__WHAT YOU ARE ASKED TO DO__: Images excepted, the data below must be repeated exactly.

__INPUT DATA__:
**********

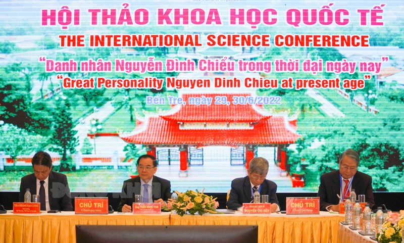 Hội thảo Khoa học quốc tế với chủ đề “Danh nhân Nguyễn Đình Chiểu trong thời đại ngày nay”. (Ảnh: Baodongkhoi.vn)(Thanhuytphcm.vn) – Trong bài phát biểu chào mừng hội thảo khoa học về danh nhân Nguyễn Đình Chiểu ngày 29/6/2022 tại Bến Tre, đồng chí Lê Đức Thọ, Bí thư Tỉnh ủy Bến Tre, cho biết, danh nhân Nguyễn Đình Chiểu (1822-1888) được UNESCO đưa vào danh sách tôn vinh Nhân vật văn hóa có tầm ảnh hưởng trên thế giới. Ông là một nhà văn hóa lớn, nhà thơ yêu nước tiêu biểu của dân tộc Việt Nam, nhà giáo của nhiều thế hệ, thầy thuốc tinh thông y lý, y thuật và nổi tiếng về y đức. Tài năng và địa vị của ông trên văn đàn, y thuật và nền giáo dục nước nhà đã được ghi nhận, tôn vinh từ rất sớm, ngay lúc ông còn sống... Nhận định trên đã khái quát giá trị của Nguyễn Đình Chiểu trong dòng chảy của lịch sử dân tộc, thấm đẫm cả ở lĩnh vực văn hóa – xã hội lẫn học thuật.
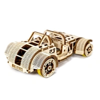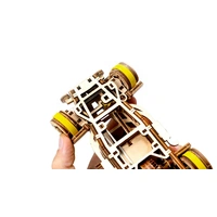 The Roadster is a machine that plays in a league of its own. Powered by a rubber band motor, the model moves forward and backwards up to one meter. Thanks to the retraction mechanism, this model makes you feel like you're behind the wheel of a real car. Our laser-cut wooden model kits combine the highest precision with effortless assembly that is simply a pleasure. With clever features that bring the wooden models to life, they offer a fascinating experience.
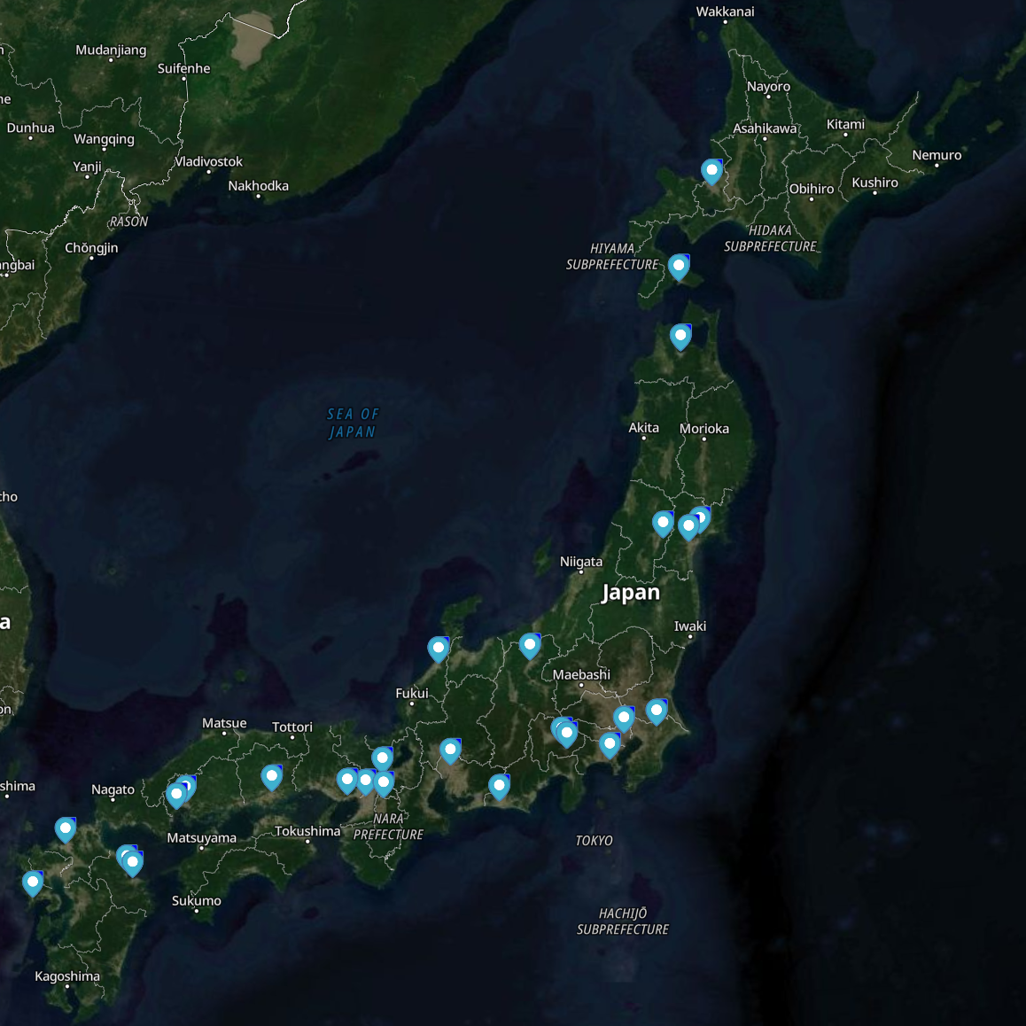 i’ve also manually made a map of every place i’ve ever gone in japan, without the routing between each place.

**********

__EXERCISE RESULT__:
 Hội thảo Khoa học quốc tế với chủ đề “Danh nhân Nguyễn Đình Chiểu trong thời đại ngày nay”. (Ảnh: Baodongkhoi.vn)(Thanhuytphcm.vn) – Trong bài phát biểu chào mừng hội thảo khoa học về danh nhân Nguyễn Đình Chiểu ngày 29/6/2022 tại Bến Tre, đồng chí Lê Đức Thọ, Bí thư Tỉnh ủy Bến Tre, cho biết, danh nhân Nguyễn Đình Chiểu (1822-1888) được UNESCO đưa vào danh sách tôn vinh Nhân vật văn hóa có tầm ảnh hưởng trên thế giới. Ông là một nhà văn hóa lớn, nhà thơ yêu nước tiêu biểu của dân tộc Việt Nam, nhà giáo của nhiều thế hệ, thầy thuốc tinh thông y lý, y thuật và nổi tiếng về y đức. Tài năng và địa vị của ông trên văn đàn, y thuật và nền giáo dục nước nhà đã được ghi nhận, tôn vinh từ rất sớm, ngay lúc ông còn sống... Nhận định trên đã khái quát giá trị của Nguyễn Đình Chiểu trong dòng chảy của lịch sử dân tộc, thấm đẫm cả ở lĩnh vực văn hóa – xã hội lẫn học thuật.
 The Roadster is a machine that plays in a league of its own. Powered by a rubber band motor, the model moves forward and backwards up to one meter. Thanks to the retraction mechanism, this model makes you feel like you're behind the wheel of a real car. Our laser-cut wooden model kits combine the highest precision with effortless assembly that is simply a pleasure. With clever features that bring the wooden models to life, they offer a fascinating experience.
 i’ve also manually made a map of every place i’ve ever gone in japan, without the routing between each place.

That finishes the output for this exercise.